Une Sacrée Mamie, c'est plus qu'un condensé de philosophie populaire ; c'est presque un manuel de vie. On apprend beaucoup sur le travail, l'argent et la gratuité des échanges familiaux dans un manga pourtant à la portée du premier enfant venu. Une lecture d'une Sacrée Mamie dans Wall Street pourrait suggérer des cas de seppuku en série tant le rendu est pertinent. Très intelligent et accessible, c'est un chef d'œuvre de synthèse. Un ouvrage didactique comme on en fait peu et qui a en plus le mérite de se lire à tous âges.
On pourrait dire du manga qu'il est un Taniguchi sans la rigueur et la relative gravité du ton... et ça rend mieux je dois bien dire. La mélancolie douce me transporte moins vite qu'une histoire authentique et drôle en dépit de l'adversité contiguë.
Authenticité toujours, tous les habitants du village sont géniaux. Je me suis pas senti dans un espace aussi convivial depuis ma dernière excursion à Morioh.
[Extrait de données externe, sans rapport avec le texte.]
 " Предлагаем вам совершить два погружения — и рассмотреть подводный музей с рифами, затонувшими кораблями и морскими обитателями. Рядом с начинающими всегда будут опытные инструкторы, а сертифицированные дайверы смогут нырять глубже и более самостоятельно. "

C'est bon enfant sans jamais être mièvre. Des bons sentiments, il y en a, mais réels ceux-ci. On parle ici de bons sentiments qui n'ont pas le goût amer du faux.
Malgré le caractère éminemment authentique de l'œuvre, je doute cependant de certaines anecdotes. Notamment celles sur la révolte passive des enfants de primaire pour venir en soutien à un camarade, d'autant plus avec la résolution qu'aura connu cet épisode. C'est trop mis en scène et romancé pour être véridique. Toutes les histoires finissent d'ailleurs trop bien pour être toutes vraies. Je suis peut-être désabusé par le monde qui m'entoure... mais c'est simplement trop beau pour être vrai. La vie avant était peut-être plus simple, mais pas aussi simple. Parce qu'entre nous, le coup de la grand-mère qui donne son livret bancaire au premier jeune con venu... Et puis, comment l'auteur sait ce qu'a fait sa grand-mère lorsqu'il n'était pas là au moment des faits ? Elle peut lui avoir raconté, mais avec tant de détails, j'ai comme un doute. Plusieurs même.
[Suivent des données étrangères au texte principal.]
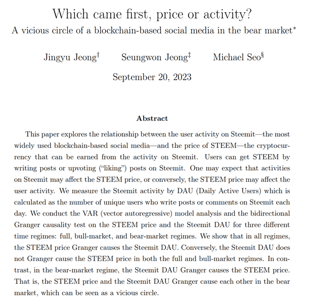 [23.10.16]스팀잇 논문 : 가격이 먼저냐, 활동량이 먼저냐?

Avec Une Sacrée Mamie, j'ai su profiter de la pauvreté d'autrui pour en retirer une expérience constructive. Je ne sais pas si ça m'aiderait à relativiser mes déboires personnels, mais ça a en tout cas le potentiel pour.
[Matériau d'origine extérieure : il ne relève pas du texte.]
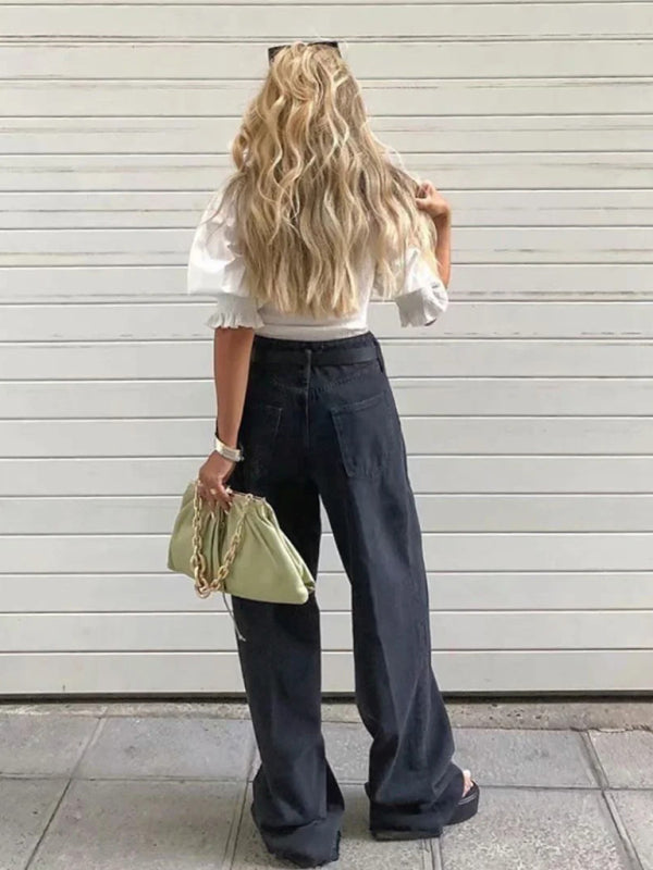 New high-waist floor-length loose slimming straight wide-leg jeans

Avec un double degré de lecture qui saura aussi bien plaire aux enfants et aux adultes, Une Sacrée Mamie est un manga qu'on peut recommander les yeux fermés à un public très jeune. Le manga n'est ni violent, ni complexe et ne prend pas ses lecteurs pour des cons à les inonder de mignardises sirupeuses pour leur faire baisser leur garde. C'est simple, c'est efficace et c'est complet en plus de se vouloir drôle et intelligent. C'est pas tous les jours que je tombe sur un manga «familial», qui plus est encensé par mes soins. Les âmes les plus pures pourront s'y abandonner sans s'adonner à la perdition, je m'y engage.